Stored records
######

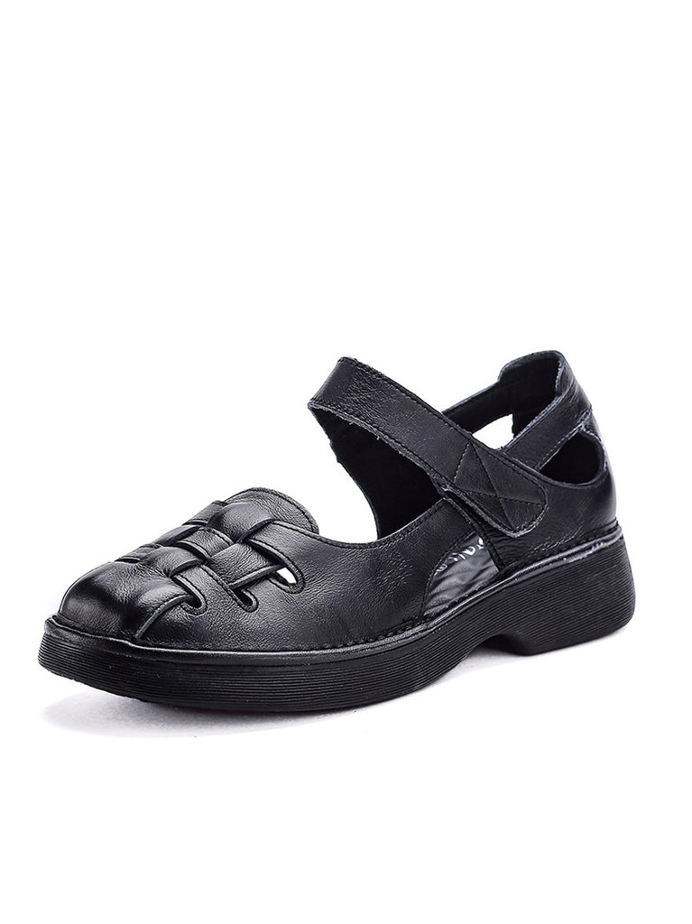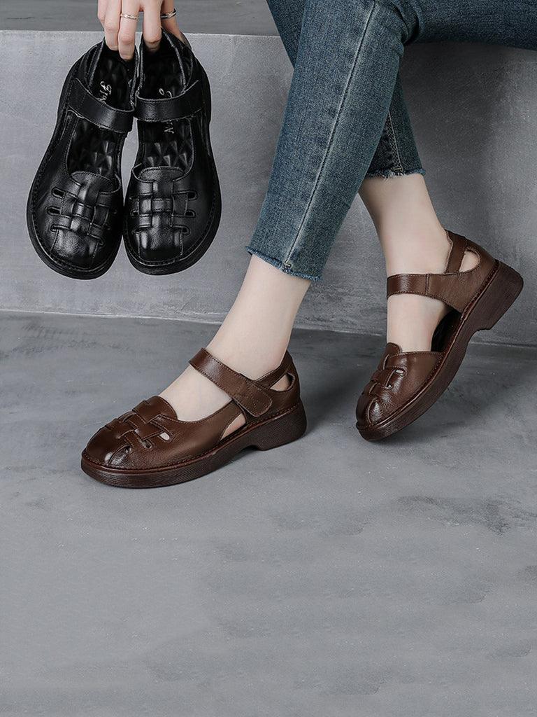 Sapatos femininos casuais de verão em couro legítimo com plataforma trançada
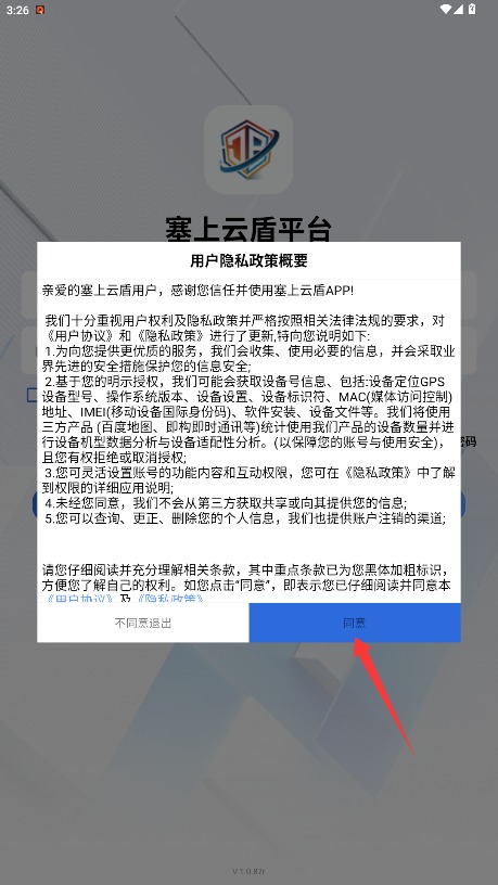1首次使用时,需阅读平台的服务条款及隐私政策,确认无误后,点击“同意”按钮方可进入应用。
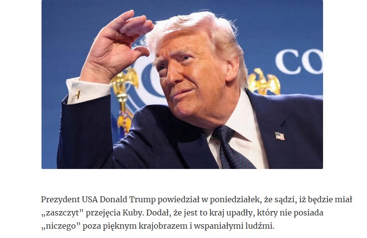PS Ambasada Polski w Hawanie w komunikacie na portalu X zaleciła osobom planującym podróż na Kubę bieżące śledzenie komunikatów przekazywanych przez linie lotnicze lub organizatorów podróży.Autor: WIARUS godzina: 12:50 Uzupełniając temat Kuby:
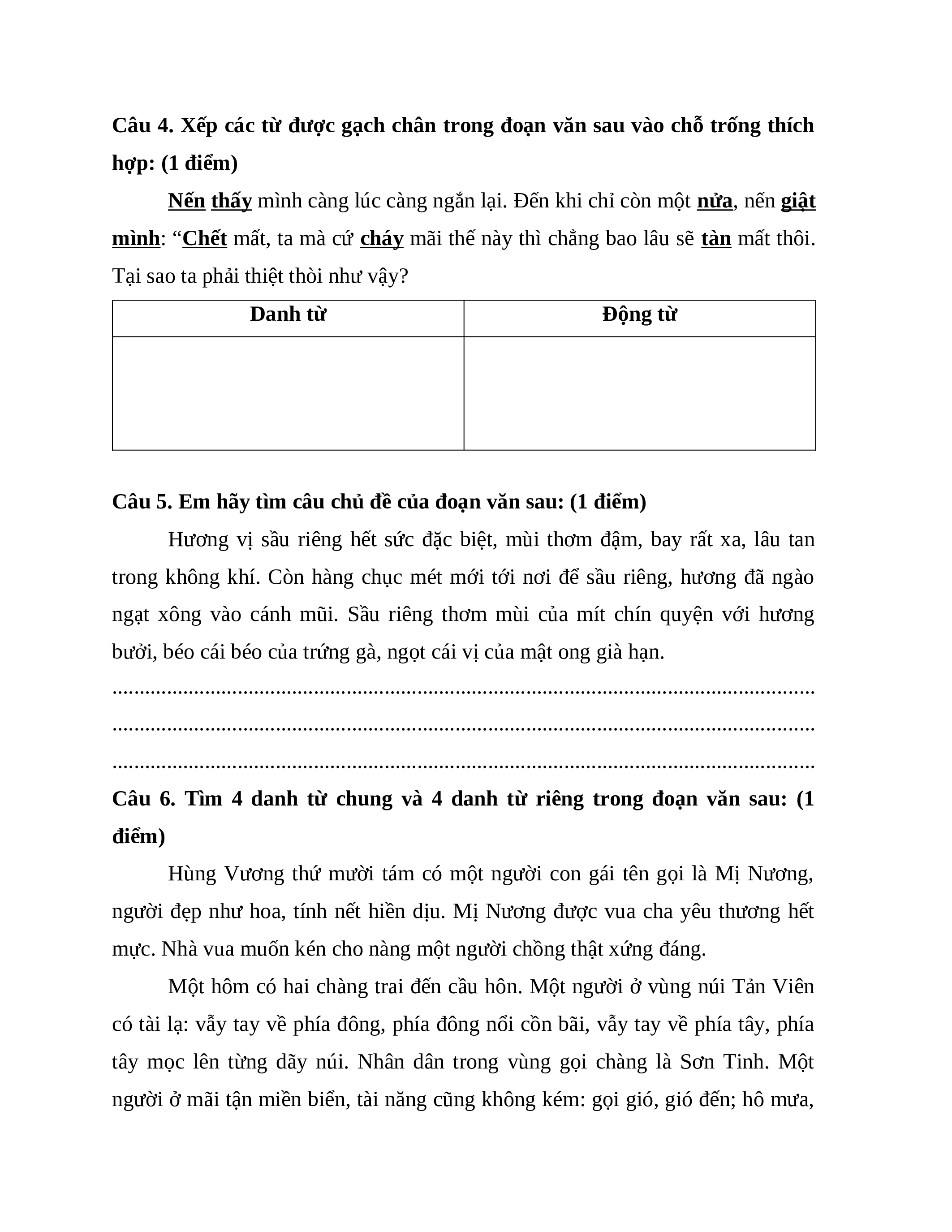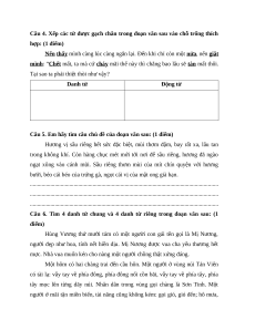Sau khi HS đọc thành tiếng xong GV đặt 01 câu hỏi để HS trả h Số lời. 4 tiếng điểm Số 2 1 3 câu Đọc Câu 1,2 3 hiểu số Số 1 0,5 1,5 điểm Số 2 2 4 Kiến câu thức Câu 4, 6 5, 7 tiếng số việt Số 2 2,5 4,5 điểm Số 2 1 2 2 8 câu Tổng Số 1 0,5 2 2,5 10 điểm
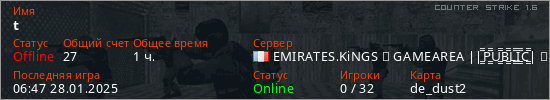 Последний раз был в сети 06:47 28.01.2025 Игрок с таким ником замечен на 40 серверах
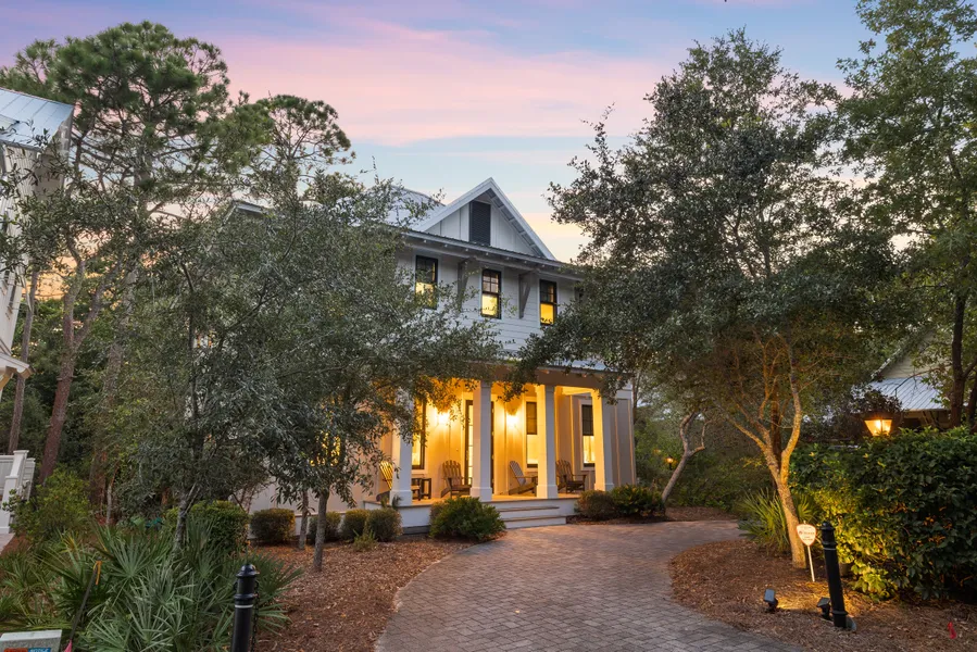 Ideally located for enjoying the best of 30A living, this impressive fully furnished home enjoys a prime location in the gated community of Hammocks of Seagrove. The square columned entrance porch sets the tone of this imposing residence, which blends statement architecture with delightful areas for relaxing. Rich hardwood flooring and hewn-wood beams add to the sense of opulence while the pebbledash fire surround and shiplap walls introduce an element of rustic charm. The open floor plan delivers a series of carefully curated spaces for socializing, dining and relaxing.

######

**DIRECTIONS:**
Once the pictures are removed, repeat all of the data above exactly.

**EXERCISE RESPONSE:**
 Sapatos femininos casuais de verão em couro legítimo com plataforma trançada
1首次使用时,需阅读平台的服务条款及隐私政策,确认无误后,点击“同意”按钮方可进入应用。
PS Ambasada Polski w Hawanie w komunikacie na portalu X zaleciła osobom planującym podróż na Kubę bieżące śledzenie komunikatów przekazywanych przez linie lotnicze lub organizatorów podróży.Autor: WIARUS godzina: 12:50 Uzupełniając temat Kuby:
Sau khi HS đọc thành tiếng xong GV đặt 01 câu hỏi để HS trả h Số lời. 4 tiếng điểm Số 2 1 3 câu Đọc Câu 1,2 3 hiểu số Số 1 0,5 1,5 điểm Số 2 2 4 Kiến câu thức Câu 4, 6 5, 7 tiếng số việt Số 2 2,5 4,5 điểm Số 2 1 2 2 8 câu Tổng Số 1 0,5 2 2,5 10 điểm
 Последний раз был в сети 06:47 28.01.2025 Игрок с таким ником замечен на 40 серверах
 Ideally located for enjoying the best of 30A living, this impressive fully furnished home enjoys a prime location in the gated community of Hammocks of Seagrove. The square columned entrance porch sets the tone of this imposing residence, which blends statement architecture with delightful areas for relaxing. Rich hardwood flooring and hewn-wood beams add to the sense of opulence while the pebbledash fire surround and shiplap walls introduce an element of rustic charm. The open floor plan delivers a series of carefully curated spaces for socializing, dining and relaxing.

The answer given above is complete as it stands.